#### Task item:
Reproduce the lines below exactly, from the one containing "Мебель: кровать, стул, зеркало, прикроватная" through the one containing "敷 金3ヶ月 / 敷 引3ヶ月間取り 3LDK / 66.23㎡入居日 相 談", both included. Leave out any pictures.

#### The records:
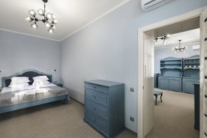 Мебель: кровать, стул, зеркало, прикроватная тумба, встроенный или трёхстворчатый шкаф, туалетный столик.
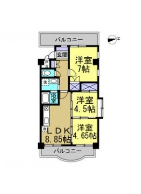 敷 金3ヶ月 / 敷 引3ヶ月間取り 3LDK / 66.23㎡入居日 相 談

--

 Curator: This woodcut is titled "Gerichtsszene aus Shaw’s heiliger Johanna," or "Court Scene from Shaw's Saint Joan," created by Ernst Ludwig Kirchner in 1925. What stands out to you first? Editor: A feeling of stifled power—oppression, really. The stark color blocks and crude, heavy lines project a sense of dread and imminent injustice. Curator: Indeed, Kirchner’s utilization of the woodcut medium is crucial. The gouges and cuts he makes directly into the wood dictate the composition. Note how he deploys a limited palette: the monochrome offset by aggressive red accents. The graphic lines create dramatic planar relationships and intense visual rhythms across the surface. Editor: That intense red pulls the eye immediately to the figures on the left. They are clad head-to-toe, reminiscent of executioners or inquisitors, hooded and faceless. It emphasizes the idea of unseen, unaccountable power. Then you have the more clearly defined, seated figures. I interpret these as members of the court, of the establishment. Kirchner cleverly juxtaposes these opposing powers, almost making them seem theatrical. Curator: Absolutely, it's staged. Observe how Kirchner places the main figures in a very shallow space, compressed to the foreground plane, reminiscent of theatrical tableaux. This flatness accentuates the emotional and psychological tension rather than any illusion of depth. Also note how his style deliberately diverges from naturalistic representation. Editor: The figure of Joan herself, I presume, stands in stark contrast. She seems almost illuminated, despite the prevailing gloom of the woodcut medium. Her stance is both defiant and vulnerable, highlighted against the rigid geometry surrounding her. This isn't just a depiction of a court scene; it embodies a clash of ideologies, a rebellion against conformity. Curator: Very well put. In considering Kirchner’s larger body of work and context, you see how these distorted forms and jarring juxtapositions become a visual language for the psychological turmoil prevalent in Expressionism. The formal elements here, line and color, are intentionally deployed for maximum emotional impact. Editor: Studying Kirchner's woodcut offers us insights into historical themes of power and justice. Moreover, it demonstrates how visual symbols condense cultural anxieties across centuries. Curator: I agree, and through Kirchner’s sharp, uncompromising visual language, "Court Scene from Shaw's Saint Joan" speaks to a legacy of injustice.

#### Exercise solution:
 Мебель: кровать, стул, зеркало, прикроватная тумба, встроенный или трёхстворчатый шкаф, туалетный столик.
 敷 金3ヶ月 / 敷 引3ヶ月間取り 3LDK / 66.23㎡入居日 相 談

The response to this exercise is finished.